Les quais sont de plain-pied avec le plancher des wagons, à 1,10 mètre au-dessus de la voie. Une passerelle, jetée par-dessus la voie, met en communication les différents quais d’une station.


Le bâtiment de la station, réduit au strict nécessaire, s’étend généralement en travers des voies, et est porté au-dessus d’elles, par la voûte ordinaire, renforcée. Deux passerelles, desservies chacune par deux escaliers, donnent aux voyageurs les moyens d’accéder aux quais et de sortir de la gare sans que les deux flux opposés puissent se rencontrer.

Le métro de Londres est le pionnier du bloc-système avec des signaux télégraphiques installés et fonctionnant de telle sorte que deux trains qui marchent dans la même direction ne doivent jamais se trouver entre deux stations consécutives.
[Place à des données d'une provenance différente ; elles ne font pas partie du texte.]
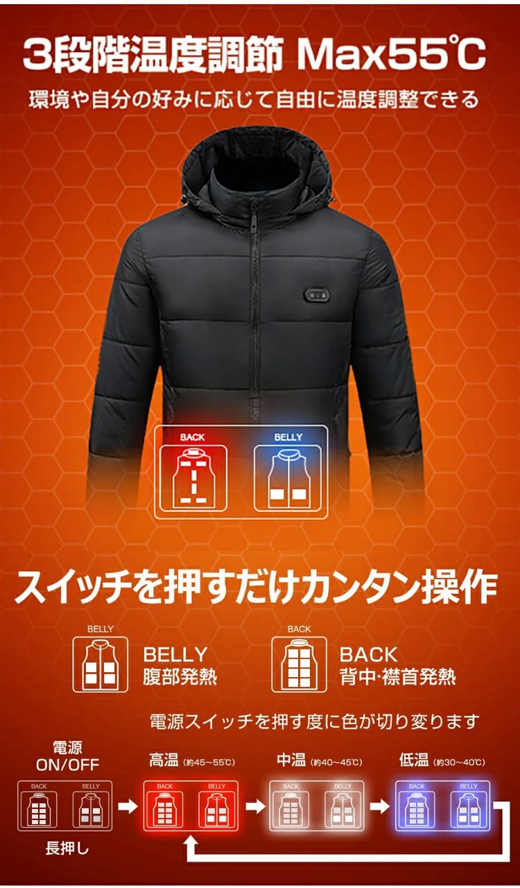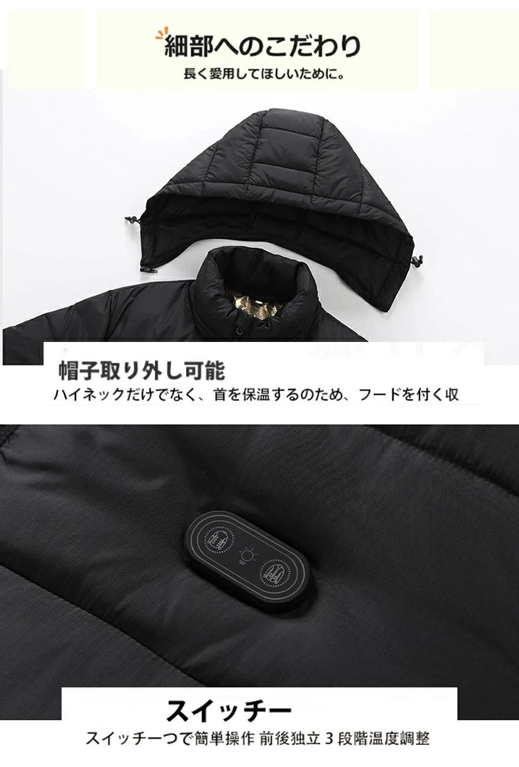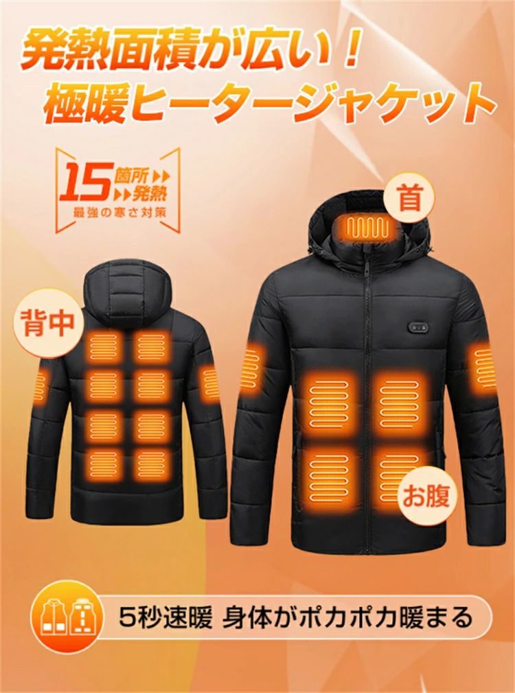 防寒 ブルゾン 電熱ウェア レディース メンズ usb ベスト 電熱 上着 アウター 15エリア発熱 長袖 フード付き インナーパーカー
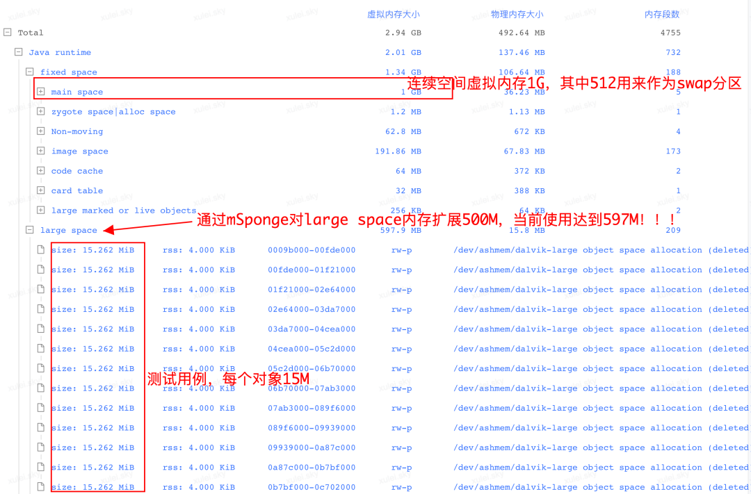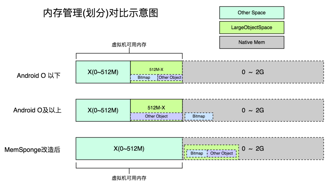 | mSponge 改造方案 | 512M | 32 位:2G/3G | 1.除 LargeObjectSpace 之外,其它内存空间共享 512M 内存 2.LargeObjectSpace 整体内存不再纳入 Java 内存统计 |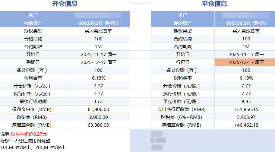 玛,看涨期权,期权合约1个月,期权费6.18W,持仓时间1个月,行权结算14.65W,净收益8.47W
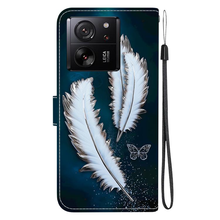 Funda de Cuero con Dibujo de Colores y Textura de Cristal para Xiaomi 13T/13T Pro (Plumas de Mariposa Blancas)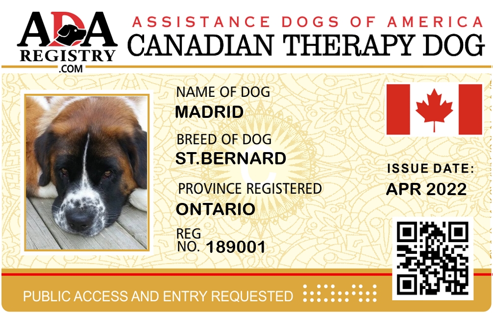 Therapy Dog Registration for Madrid

Grâce aux signaux envoyés par le télégraphe, un train ne peut quitter une station avant que le train qui le précède soit parti de la station vers laquelle il se dirige.

Les locomotives à vapeur du premier réseau.

Les locomotives à vapeur sont, quand on commence la construction du réseau en 1860, la seule solution connue : la traction électrique n’est pas encore au point. Mais les ingénieurs craignent, à juste titre d’ailleurs, que la fumée et les gaz de la combustion du charbon rendent l’air peu respirable et même complètement vicié. On remédie à ces inconvénients, sans se priver des avantages économiques et pratiques de la locomotive, en opérant de la manière suivante.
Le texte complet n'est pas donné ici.